Mr QSFT and Mrs WKXH and Secretary, Department of Social Services (Social security second review) [2025] ARTA 2514 (24 November 2025)

The Tribunal upheld Centrelink’s calculation of Mr QSFT and Mrs WKXH’s age pension. As controllers and attributable stakeholders of their family trust, they were correctly assessed on both the trust’s dividend income and deemed income from a $143,201 loan they had made to the trust. The applicants argued this amounted to double counting, but the Tribunal found the two income sources were legally distinct: dividends earned by the trust and deemed income on a financial asset (the loan). Since the loan still existed and had not been repaid or forgiven, deeming rules applied. The Tribunal concluded the legislation required both amounts to be assessed and affirmed the decision.  

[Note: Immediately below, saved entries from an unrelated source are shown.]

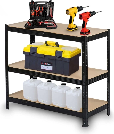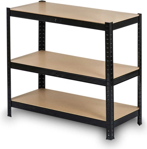 Robustní skladový regál HUMBERG v elegantní černé barvě je navržen pro bezpečné a přehledné uložení nářadí, boxů a materiálu. Zesílené profily (0,7 mm) a pevné MDF police (5 mm) zaručují vysokou nosnost až 150 kg na polici při rovnoměrném rozložení. Zaoblené hrany zvyšují bezpečnost při manipulaci a plastové koncovky chrání podlahu.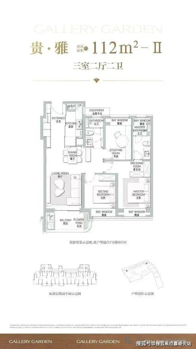 项目舍弃了传统逼仄的百平三房,将最小面积提升到了建面约112㎡,而这12个平方的提升,让整体户型的空间尺度感达到了新的高度。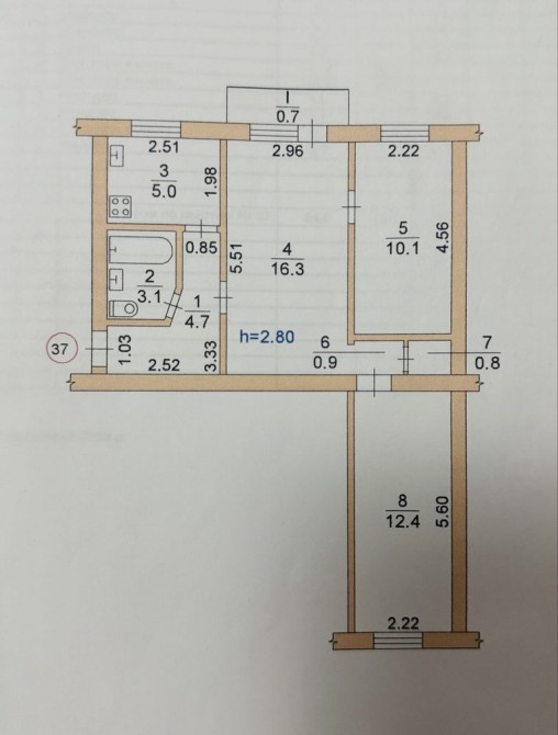• Площа кухні 5 м2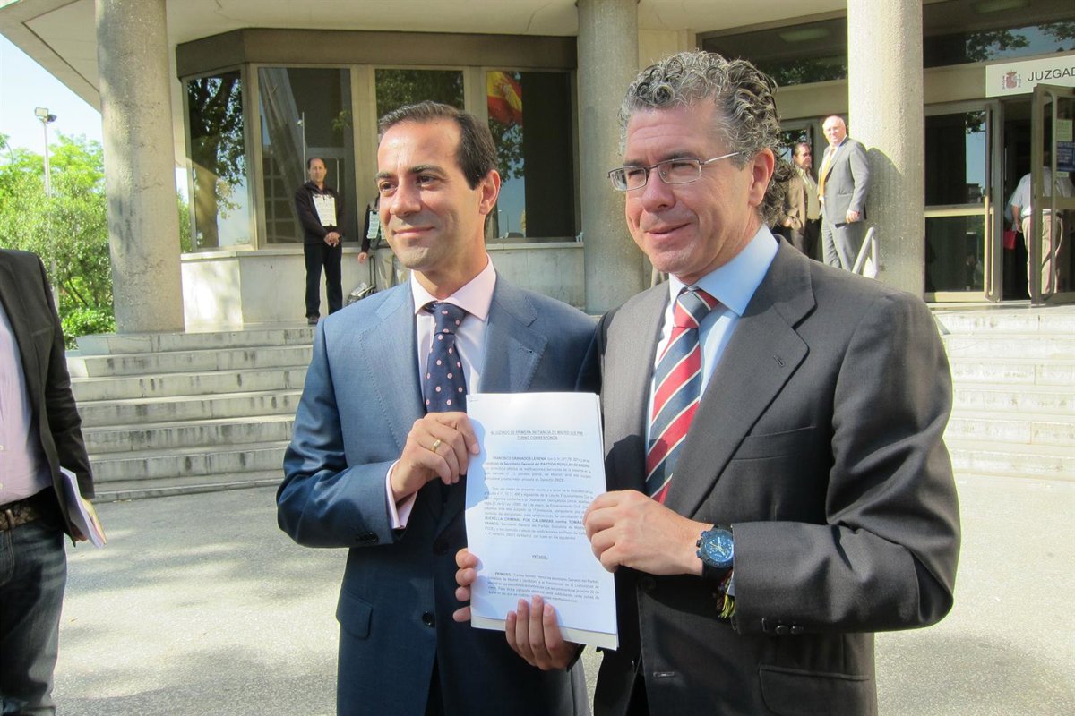 El secretario general del PP de Madrid, Francisco Granados, acompañado de uno de los abogados del Ejecutivo autonómico, ha interpuesto una querella criminal por un delito de calumnias contra el secretario general del PSM y candidato a la Presidencia de la Comunidad de Madrid, Tomás Gómez, por las acusaciones lanzadas contra la presidenta regional, Esperanza Aguirre, al insinuar que su Gobierno prevarica al "vender hospitales y colegios a sus amigos".

XBRK & RKYV and Secretary, Department of Social Services (Practice and procedure) [2026] ARTA 17 (8 January 2026)

The Tribunal dismissed the applications by XBRK & RKYV for lack of jurisdiction. The applicants sought review of Centrelink’s alleged failure to revalue listed securities between 2017 and 2022 and claimed entitlement to pension arrears. However, the Tribunal found no evidence that Centrelink had made any “decision” within the statutory meaning no officer had turned their mind to the revaluation issue or refused to act. Without a reviewable decision under the Social Security and Administrative Review legislation, the Tribunal could not conduct a second review. Earlier authorised review officer’s decisions already reviewed and affirmed were not challenged by the applicants. As no valid jurisdictional foundation existed, the applications were dismissed under section 97 of the Administrative Review Tribunal Act 2024.

McLennan v McLennan [2025] NSWSC 1603 (23 December 2025)

McLennan v McLennan involved an elderly father, John, seeking to unwind past estate planning transactions that gave his son, Ruskin, control of family trusts and ownership of the Bombi Road home. The Court found that over many years John and his late wife Karen intentionally structured their affairs on professional legal advice to place Ruskin in control, largely due to concerns about their daughter Susannah’s long term vulnerability. After Karen’s death, John changed his mind and claimed unconscionable conduct, saying Ruskin had overborne him. The Court rejected this, finding John’s affidavit evidence unreliable, the solicitor’s evidence credible, and the transactions rational and voluntary. All challenges failed except that Ruskin must account for past expenditure from his parents’ bank accounts.